Closed andrewstucki closed 2 months ago
New flaky test --- FAIL: kuttl/harness/centralized-configuration-drift (388.05s)
2024-09-17 20:21:01 UTC | case.go:399: failed in step 3-delete-redpandas
-- | --
| 2024-09-17 20:21:01 UTC | case.go:401: client rate limiter Wait returned an error: rate: Wait(n=1) would exceed context deadline
Redpanda deletion doesn't work ATM. As kuttle artefacts are not generated it's hard to say what operator logs look like.
I'm wondering if it has something to do with the timeout of the tests actually, just switched up some of the code to call the health endpoint directly rather than through the watchClusterHealth
helper because if a node hasn't been marked as down yet - despite the fact that we know it needs to get decommissioned due to the replica count not matching the number of nodes that we know about, this function will block for up to 60 seconds: https://github.com/redpanda-data/redpanda-operator/blob/4182ff503ff70a565016b08c714867df81c76d62/src/go/k8s/internal/controller/redpanda/redpanda_decommission_controller.go#L659
So, my previous changes to unblock the Helm chart installation process broke our e2e decommissioning test by introducing a race condition into our test assertions. Basically, with the decommission controller there was a small window in which decommissioning had not yet happened and hence the nodes were technically unhealthy, and yet they were not marked yet as "unhealthy" within the statefulset.

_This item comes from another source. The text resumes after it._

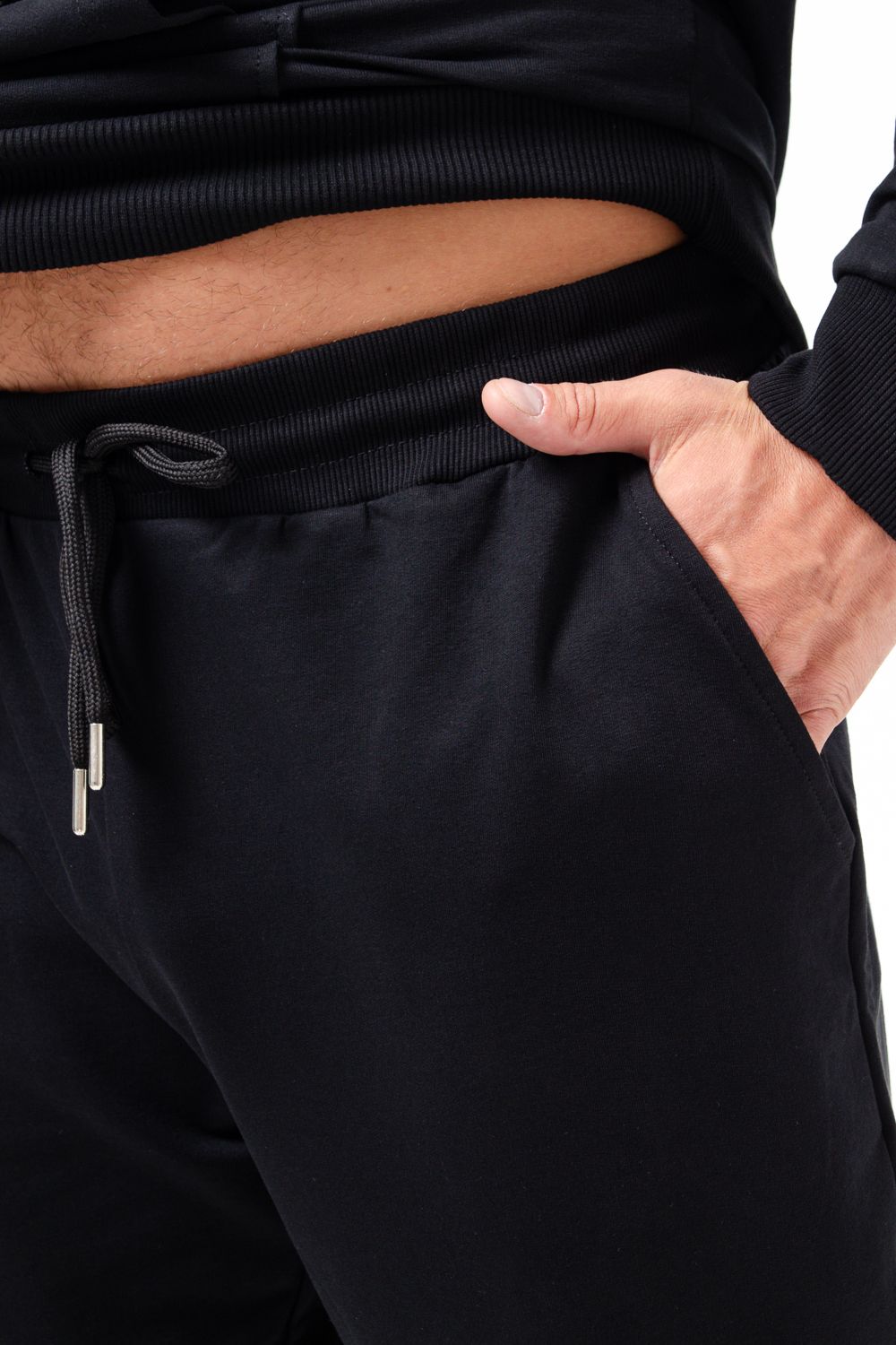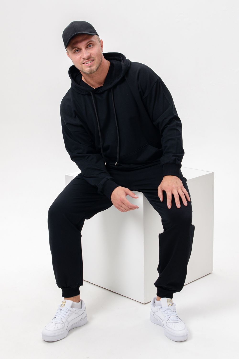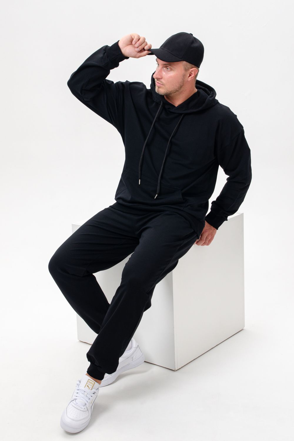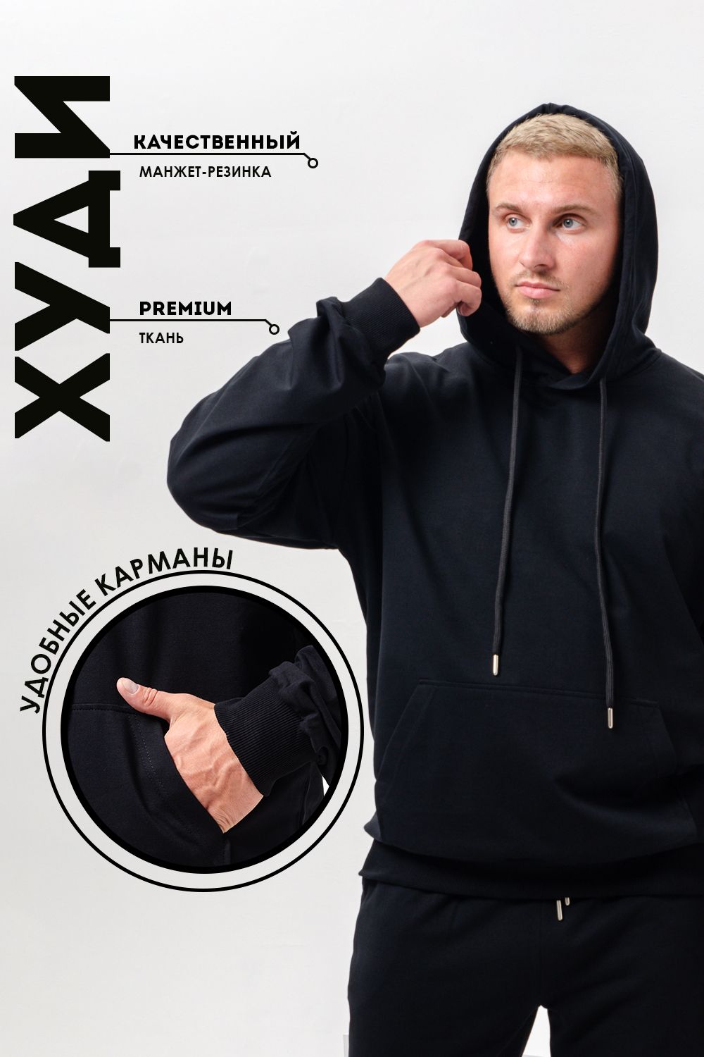 Костюм спортивный мужской с худи и джоггерами. Костюм свободного кроя состоит из толстовки с капюшоном и карманом кенгуру и брюк джоггеров на манжете с карманами в боковых швах. Костюм однотонный сшит из качественного хлопкового трикотажного материала - футера 2-х нитки. Обладает отличной эластичностью, не сковывает движений. Идеален для занятий спортом. Зимой костюм возможно носить в тренажерный зал или использовать как домашнюю одежду.

What that meant is that the
Redpanda
CRD we were creating in our test was getting marked as "ready" for a split second, when it really wasn't and we were prematurely triggering a second scale down operation.This fixes the test by setting a status condition if the controller detects that the statefulset for our Redpanda cluster needs to be "decommission" dead nodes. As a result, the CRD is never marked as "ready" until decommissioning is fully finished.